# [EXERCISE BRIEF]
Only an exact repetition of the lines from the one holding "Cath's Scottish landscape" to the end of the data is wanted, with pictures left out.

┌─ RAW DATA

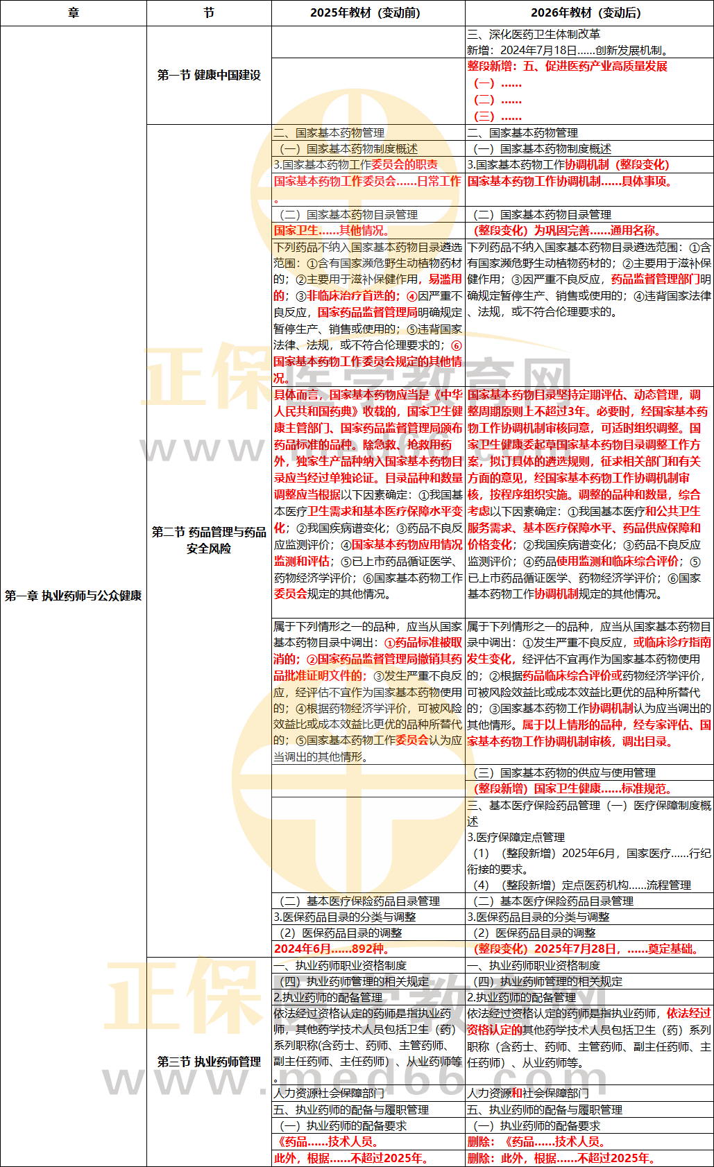 《药事管理与法规》2026年最新出炉的教材来啦![医学教育网]将教材与2025年教材进行了认真细致地比对,整体变动率约20%。
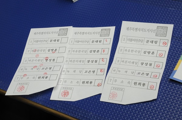 제주도지사 선거 후보 5명 모두에게 투표한 용지가 있는가 하면, 어떤 후보도 뽑지 않겠다는 의미인지 후보자 칸을 비켜나가 여러차례 도장을 찍은 정성(?)들인 투표용지가 발견되기도 했다.
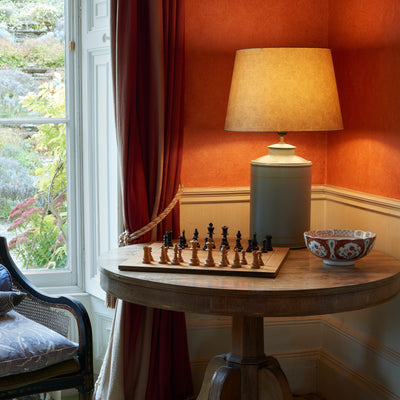 This large Empire paper shade is made of finest Belgium wallpaper with a fire-resistant lining inside. It Is completely handmade in England and the edges have a hand rolled finish. The shade comes with a shade carrier and is compatible with BC (UK) and ES (EU/USA) bulb holders. This shade is suitable for both table lamps and floor lamps.
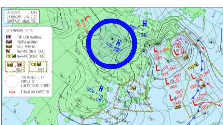 シベリア大陸には、1050hpaの高気圧が発生しています。これは寒冷高気圧といい、冷たい空気で生成されたものです。冷たい空気は重いため、この寒冷高気圧は動きが遅く停滞することが特徴の1つです。この影響で日本に寒気が長く流れ込み、雪の降る日も長続きするとみられます。
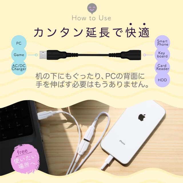 AC DC データ転送 延長ケーブル 最大3A 1年保証
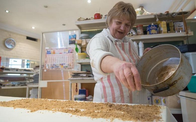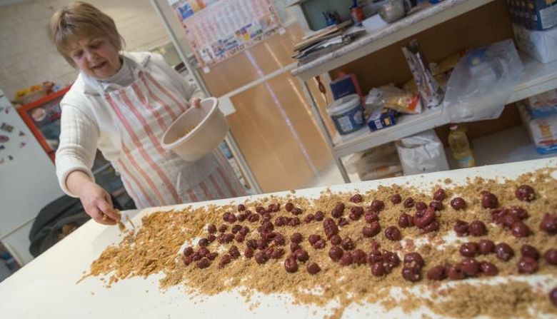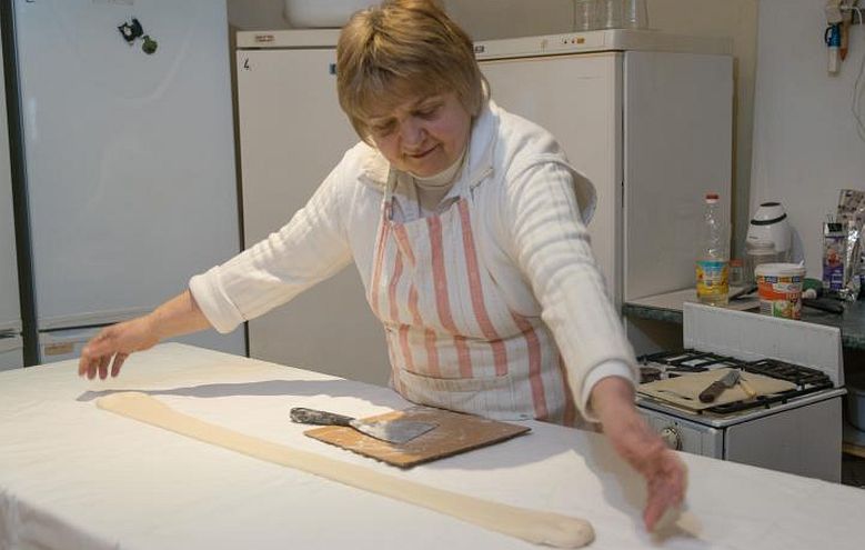 Közben előkerült a patyolatfehér lenvászon, amit több mint húsz évvel ezelőtt vásárolt egy orosz tanárnőtől. A terítőket éveken keresztül senki sem használta, az üzlet megnyitásáig a szekrény mélyén lapultak. Azóta viszont jó szolgálatot tettek, mert a régifajta, kemény vásznakat ma már szinte lehetetlenség beszerezni. Mikor a tészta készen állt a nyújtásra, Erzsi néni néhány határozott mozdulattal lisztet szórt az abroszra, alányúlt az első gombócnak, majd a pillangók szárnyrebegtetéséhez hasonló mozdulattal a levegőben hosszúkás alakúra húzta. A „fazonra alakítás” jól sikerült, hiszen a massza néhány határozott húzás után már az egész asztalt beterítette.
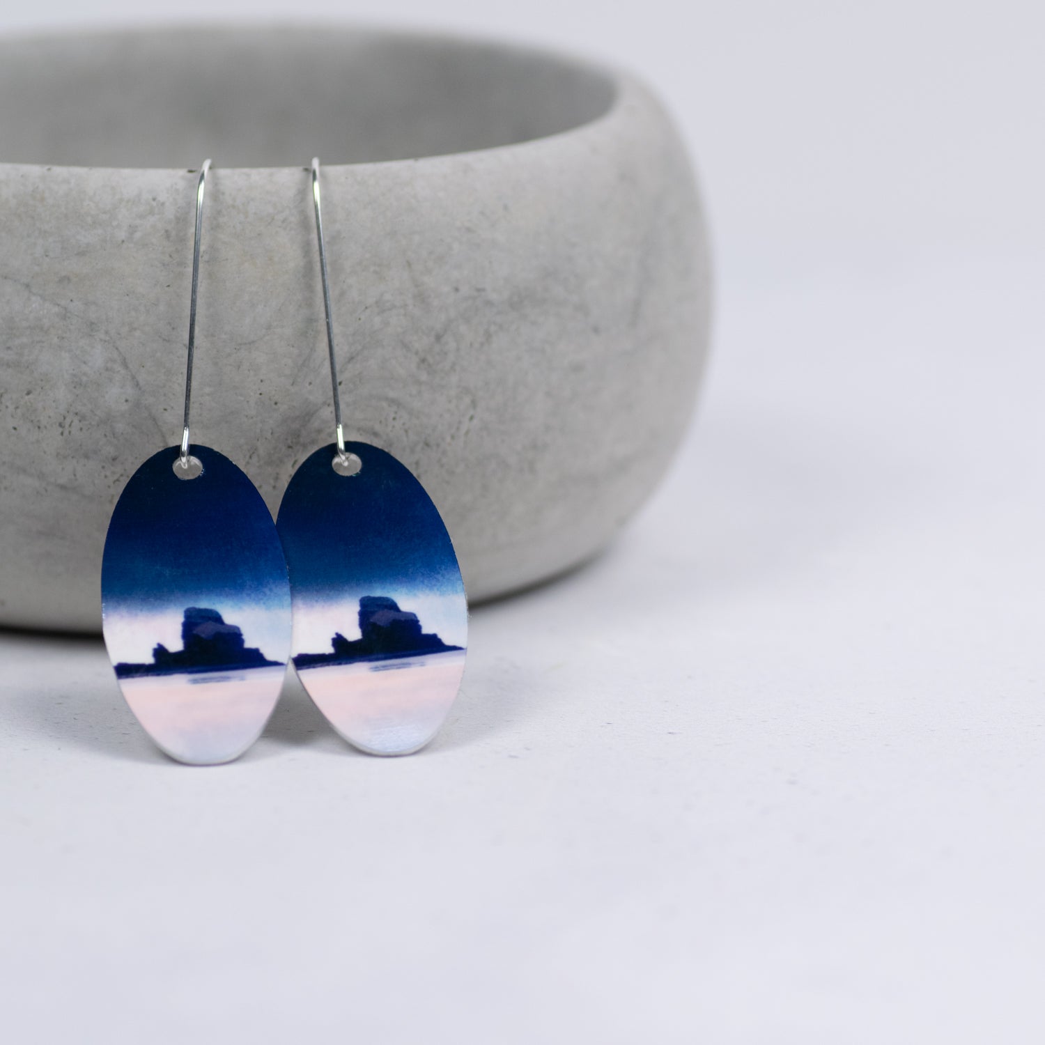 Cath's Scottish landscape artwork on lightweight, hypo-allergenic, glossy aluminium, pendant earrings with 3.6cm long solid sterling silver ear wires presented in a black two piece gift box. Unique and unusual, easy to wear, statement jewellery.
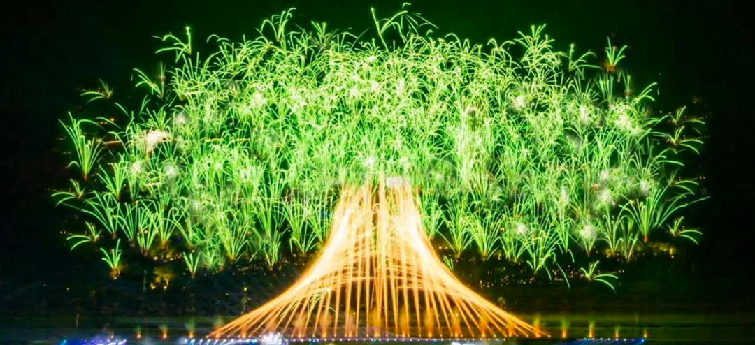 榕城之树烟花秀以苍翠绿意、金色光芒绽放于夜空,既凝聚着榕城以榕为名、因榕而兴的城市根脉,更以葱茏烟花秀之姿,诉说着闽都大地生生不息、繁茂绵长的美好期许。
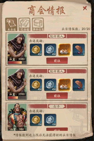 在觸發全服頭目事件后,因為不同戰力不同,掌柜可自行選擇是否追捕遇到的頭目。若放棄追捕且商會情報未達上限時,該頭目情報將自動分享至商會情報中。商會內的其他掌柜可以擊敗對應頭目并獲得對應的擊退獎勵哦~
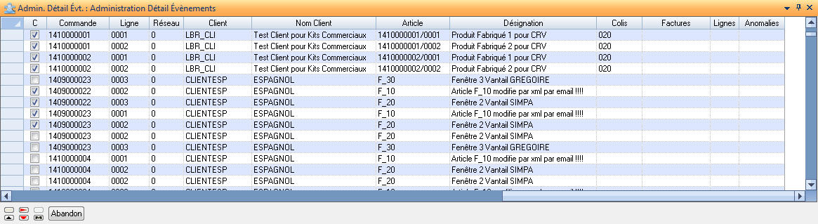 Cette branche applicative permet de gérer le contenu des événements logistiques validés.

└─

# [RESPONSE TO THIS TASK]
 Cath's Scottish landscape artwork on lightweight, hypo-allergenic, glossy aluminium, pendant earrings with 3.6cm long solid sterling silver ear wires presented in a black two piece gift box. Unique and unusual, easy to wear, statement jewellery.
 榕城之树烟花秀以苍翠绿意、金色光芒绽放于夜空,既凝聚着榕城以榕为名、因榕而兴的城市根脉,更以葱茏烟花秀之姿,诉说着闽都大地生生不息、繁茂绵长的美好期许。
 在觸發全服頭目事件后,因為不同戰力不同,掌柜可自行選擇是否追捕遇到的頭目。若放棄追捕且商會情報未達上限時,該頭目情報將自動分享至商會情報中。商會內的其他掌柜可以擊敗對應頭目并獲得對應的擊退獎勵哦~
 Cette branche applicative permet de gérer le contenu des événements logistiques validés.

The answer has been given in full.